Je voulais échapper au bruit des angles morts que ma gorge serrée m'obligeait à avaler jour après jour, au risque de m'étouffer. Je pensais que là bas, sur ces chapelets d'îles presque désertes, c'était l'oubli du monde qui serait ma seule habitation.
J'ai donc emporté quelques vêtements chauds, ceux qui servent ici pour les sports d'hivers.
Je voulais un bord de mer sauvage, faisant face à l'immensité vide du grand nord. J'ai trouvé, à l'écart d'un village, une de ces petites maisons qui sont louées l'été aux touristes en mal d'exotisme minéral.
L'hiver, on me l'a laissée pour rien.

Le propriétaire était trop content de savoir qu'elle serait chauffée pendant les périodes de glaces. Car il paraît que les tempêtes elles même sont ici parfois fixées en chaos immobiles par des températures incroyablement basses. Elles saisissent alors les vagues immenses comme un ciseau de sculpteur le ferait dans le marbre.
J'ai vu cela. Dans le crépuscule précoce d'un soir de décembre encore doux, j'ai vu venir vers moi descendant droit depuis le nord, à l'horizon, sur la mer gris acier, un mur noir.
C'était une tempête mortelle. Heureusement, on m'avait prévenu de rester à l'abri.

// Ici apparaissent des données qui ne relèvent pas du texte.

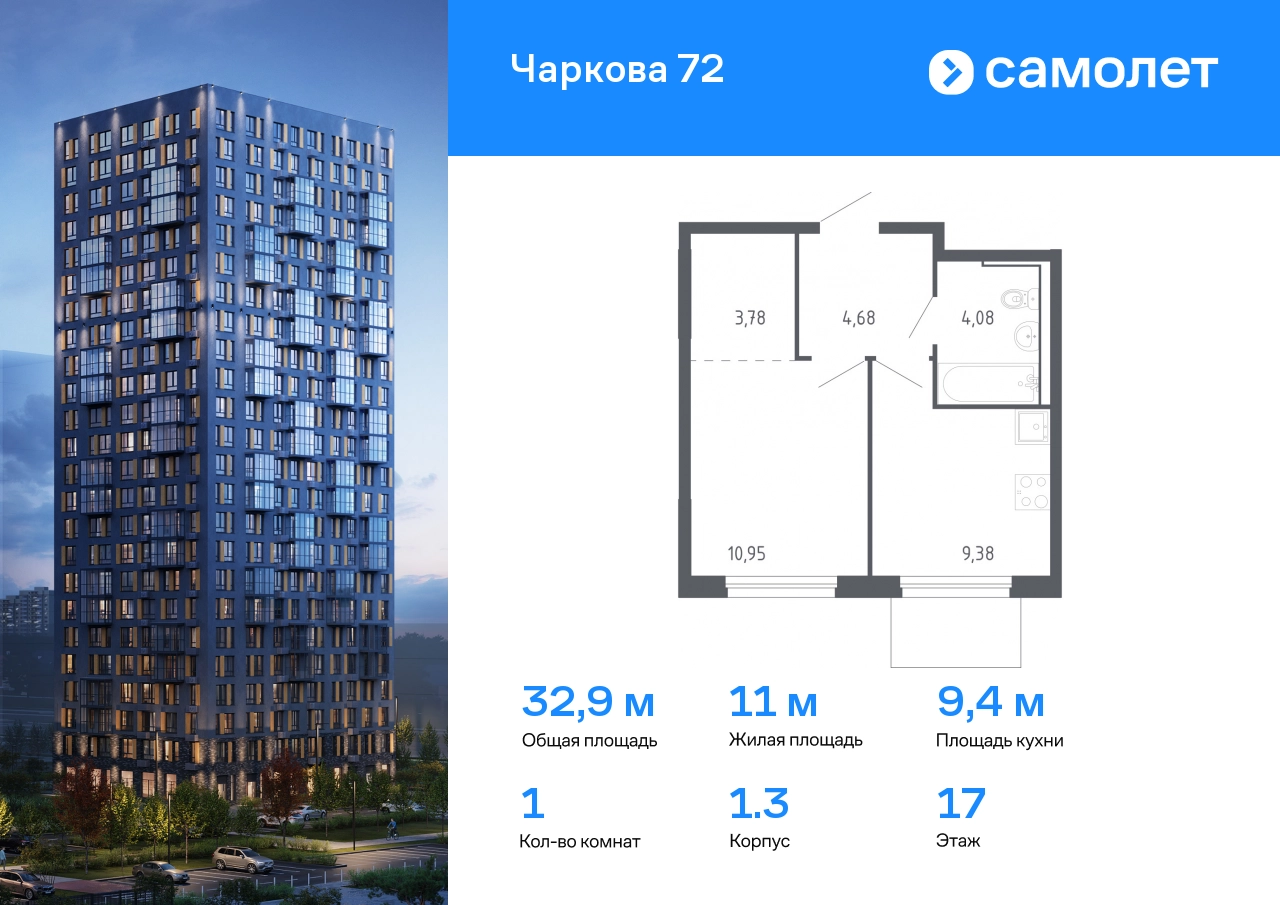 Строим кварталы для жизни с заботой о будущем. Предлагается 1-комнатная квартира комфорт-класса 32,87 кв.м в корпусе 1.3 на 17 этаже, в ЖК «Чаркова 72» Квартира с предчистовой отделкой. Доступность дополнительных опций уточняйте у застройщика. Приобрести квартиру возможно по специальным акциям от застройщика, с текущими условиями акций можно ознакомиться в блоке «Акций». Цена динамическая и может отличаться, уточняйте актуальность у застройщика. Идеальное сочетание городского комфорта и размеренной жизни — квартал «Чаркова 72» на северо-востоке города. В дизайне 17-24-этажных домов с панорамными балконами нашли отражение нотки сибирской природы. От «Чаркова 72» удобно добираться до центра города — всего 17 минут пути. А в 2 минутах от дома находится Тобольский тракт. Для семейного отдыха отлично подойдет парк Гагарина — он находится в 7 минутах от квартала. В закрытых дворах тихо и уютно — все авто остались на одном из 4 многоуровневых паркингов, которые находятся за территорией квартала. Можно спокойно гулять по бульвару и заниматься йогой на спортивной площадке. На первых этажах домов — кафе и магазины. Рядом с проектом — детские сады и школы, городская поликлиника и МФЦ. Во всех квартирах есть выводы под кондиционеры, на подземных этажах — индивидуальные кладовые, на первых — места для хранения велосипедов и колясок. В квартирах можно выбрать варианты отделки: чистовая, черновая и улучшенная из материалов повышенного класса.#yan19-2r1678033#О застройщике

La nuit passa dans un vacarme de fin du monde, des fracas incessants que je croyais devoir tout ensevelir. La vétuste maison de bois craquait comme un navire en plein naufrage dans un conte de Stevenson.

Le lendemain matin, tout était transfiguré. Une vieille grange s'était effondrée. Le sol était couvert d'une poussière de neige gelée formant des congères. Derrière chaque forme familière, elles se déployaient comme des écharpes et toute la vue, au delà du rivage de la mer d'habitude si mobile, était transfigurée, zébrée de cônes blancs aux reflets bleutés, avec des poussières fines et tourbillonnantes levées encore ici et là par des résidus de vent sous un soleil d'une pâleur de spectre.

Alors j'ai compris ce que je venais chercher au nord de la mort : la lustrale blancheur qui recouvre la mer, le pôle nodal de l'absence de tout, la chose enfin blanche.